[TASK BRIEF]
Each line below must be transcribed exactly, and no picture may appear in the transcription.

+++ DATA SEGMENT +++

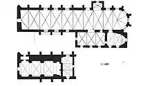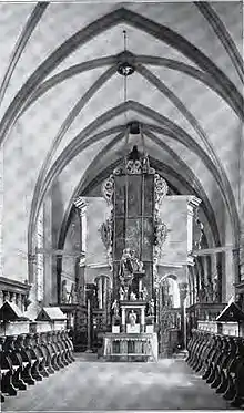 L'église gothique que l'on visite aujourd'hui est du XIVe siècle. C'est une église à nef unique en neuf croisées et un chœur-5/8[63]. La nef a été construite en trois phases. Le chœur et la nef sont voûtées par croisées d'ogive.
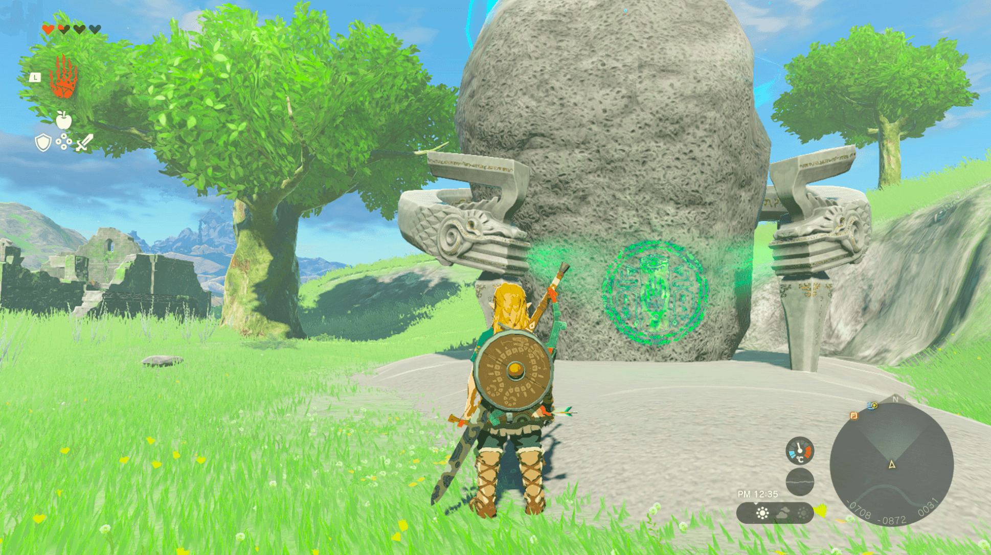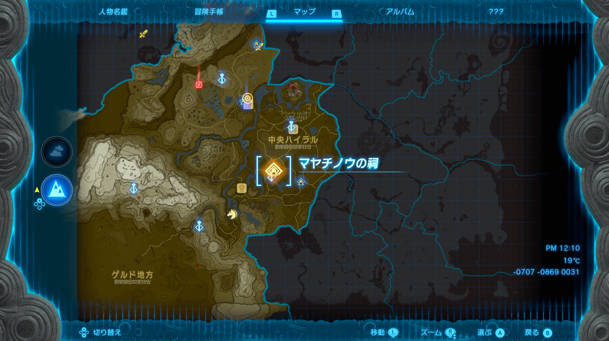 「マヤチノウの祠」は、ハイラル平原鳥望台のすぐそばにある。もし、すでにハイラル平原鳥望台を訪れているなら、マップを開いてワープすれば、草原を進まずに簡単に行ける。
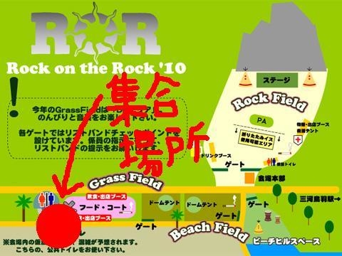 *****5月6日(木)更新*************** みなさんこんにちは(^ω^) RORまでついに1ヶ月切りましたねー!! タイムテーブルも発表されてさらにワクワク^^ あとは晴れることを祈るのみ!!!w 集合写真イベントの詳細もupします! ●22日・23日両日とも同じ時間&場所に集合予定です* 【集合時間】 1回目 11:30〜12:00 2回目 15:10〜15:40 【集合場所】 ビーチフィールド奥の飲食ブース付近の常設公衆トイレ前 上記写真の赤丸の場所です^^ 海をバックに写真撮りましょー!! 【目印】 「ミ
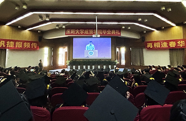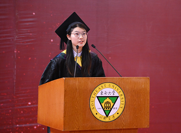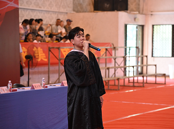 风景园林1班的汪弘磊同学代表全体毕业生向艳照门 、向老师与家长表达了最衷心的感谢和最崇高的敬意。她勉励大家坚定信念,坚持不懈,不断学习和自我提升,为国家的繁荣、社会的发展贡献青春力量。

+++

[TASK RESPONSE]
 L'église gothique que l'on visite aujourd'hui est du XIVe siècle. C'est une église à nef unique en neuf croisées et un chœur-5/8[63]. La nef a été construite en trois phases. Le chœur et la nef sont voûtées par croisées d'ogive.
 「マヤチノウの祠」は、ハイラル平原鳥望台のすぐそばにある。もし、すでにハイラル平原鳥望台を訪れているなら、マップを開いてワープすれば、草原を進まずに簡単に行ける。
 *****5月6日(木)更新*************** みなさんこんにちは(^ω^) RORまでついに1ヶ月切りましたねー!! タイムテーブルも発表されてさらにワクワク^^ あとは晴れることを祈るのみ!!!w 集合写真イベントの詳細もupします! ●22日・23日両日とも同じ時間&場所に集合予定です* 【集合時間】 1回目 11:30〜12:00 2回目 15:10〜15:40 【集合場所】 ビーチフィールド奥の飲食ブース付近の常設公衆トイレ前 上記写真の赤丸の場所です^^ 海をバックに写真撮りましょー!! 【目印】 「ミ
 风景园林1班的汪弘磊同学代表全体毕业生向艳照门 、向老师与家长表达了最衷心的感谢和最崇高的敬意。她勉励大家坚定信念,坚持不懈,不断学习和自我提升,为国家的繁荣、社会的发展贡献青春力量。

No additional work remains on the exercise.